Target Name: MCU
NCBI ID: G90550
Review Report on MCU Target / Biomarker Content of Review Report on MCU Target / Biomarker
MCU
Other Name(s): Mitochondrial calcium uniporter, transcript variant 2 | Mitochondrial calcium uniporter, transcript variant 1 | Mitochondrial calcium uniporter | MCU_HUMAN | coiled-coil domain-containing protein 109A | MCU variant 2 | Calcium uniporter protein, mitochondrial | Coiled-coil domain-containing protein 109A | Calcium uniporter protein, mitochondrial (isoform 1) | Calcium uniporter protein, mitochondrial (isoform 2) | mitochondrial calcium uniporter | C10orf42 | MCU variant 1 | CCDC109A | HsMCU | calcium uniporter protein, mitochondrial

MCU: Mitochondrial Calcium Uniporter and Potential Drug Target

Mitochondrial calcium uniporter (MCU) is a protein that plays a crucial role in the regulation of mitochondrial function and calcium homeostasis. It is a transmembrane protein that spans the inner and outer mitochondrial membranes and is involved in the transfer of calcium ions from the cytosol to the mitochondrial matrix.

MCU is composed of four subunits, which are organized in a hierarchical structure that is similar to a barley crisplet. The subunits are named alpha, beta, gamma, and delta and are coiled together in a unique arrangement that allows for the efficient transfer of calcium ions.

MCU is regulated by several different factors, including ATP, PKA, and CRE. ATP is a proven potent modulator of MCU function, as it can induce the conformational changes that are necessary for the transfer of calcium ions. PKA is another regulatory factor that is known to interact with MCU and can modulate its stability. CRE is a transcription factor that is known to play a role in the regulation of MCU gene expression.

MCU is also known as the Mitochondrial Calcium Uniporter (MCU) gene, and it is located on chromosome 16. It is a single gene that encodes a protein that is expressed in the cytosol and the mitochondrial matrix. The MCU protein is composed of 1,942 amino acids and has a calculated molecular mass of 21.9 kDa.

MCU is involved in many different cellular processes, including the regulation of mitochondrial fusion, the maintenance of mitochondrial quality, and the regulation of cellular signaling pathways. It is also involved in the regulation of calcium homeostasis, as it is responsible for the efficient transfer of calcium ions from the cytosol to the mitochondrial matrix.

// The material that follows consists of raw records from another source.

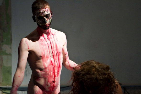 I get the sense that the word “provocative” becomes a way of shutting down deeper contemplation of the work. People tend to have a lot of resistance to work that they deem to be “trying to be provocative”. Along with this diagnosis of the work comes the all too easy response that nothing is provocative anymore since everything has been done. BUT people would never say this if they weren’t provoked in some way! I am highly suspicious of this “too cool” response. I think it stops people from seeing the potentially formal aspects of the way the artwork functions conceptually or aesthetically. While I found a certain aspect of your show physically difficult to watch (i.e. Vincent gagging himself and puking what looked like blood was making my stomach turn), I found the imagery in that moment quite beautiful actually. Can you speak to your relationship to ideas of beauty? And what is your response to the question of provocation in relation to the work you make?
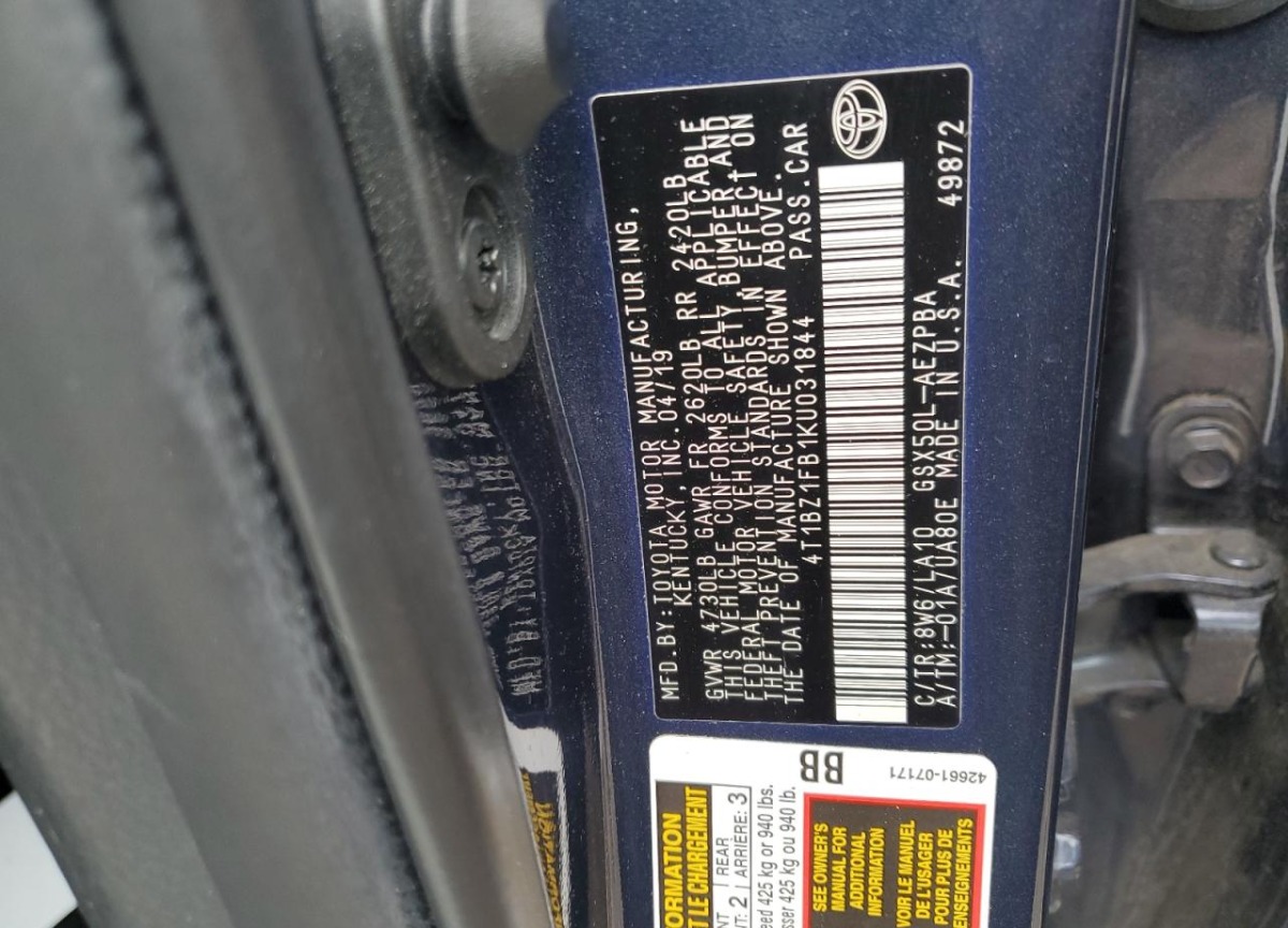 VIN:4T1BZ1FB1KU031844
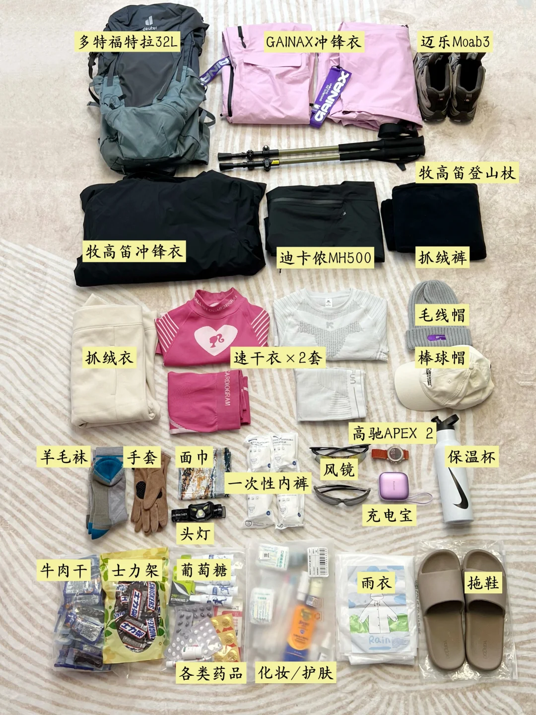 2⃣️冲锋衣:1件就行,2件背着有点累(粉色:GAINAX(其实是滑雪服);黑色:牧高笛(带羽绒内胆))
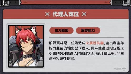 狛野真斗是一位能造成火属性伤害,输出和生存能力兼备的输出型代理人。真斗能通过指定招式积累[炽心]值进入[熔锋]状态,提升暴击率,产生高额火属性伤害。
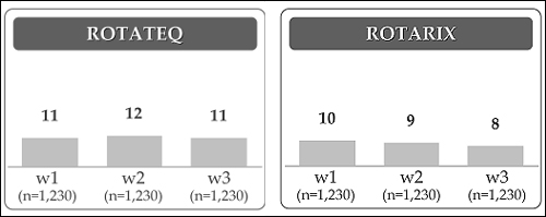 로타바이러스 백신 또한 세번의 조사에서 82~83%가 아는 브랜드명이 없다고 답했다.
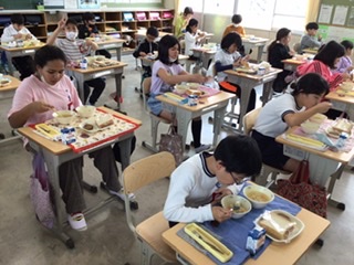 「いただきます」のあいさつの後、もりもりと食べていました。

MCU is a potential drug target, as it is involved in many different cellular processes that can be modulated by drugs. For example, inhibitors of ATP or PKA have been shown to be effective in modulating the activity of MCU. Additionally, drugs that can modulate the levels of calcium ions in the cytosol have also been shown to have activity against MCU.

MCU is also a potential biomarker, as its activity can be modulated by a variety of different factors, including ATP, PKA, and CRE. For example, the activity of MCU can be modulated by the levels of calcium ions in the cytosol, which can be manipulated by drugs or other factors. Additionally, the levels of MCU can be regulated by the levels of ATP and PKA, which can be used as targets for drugs.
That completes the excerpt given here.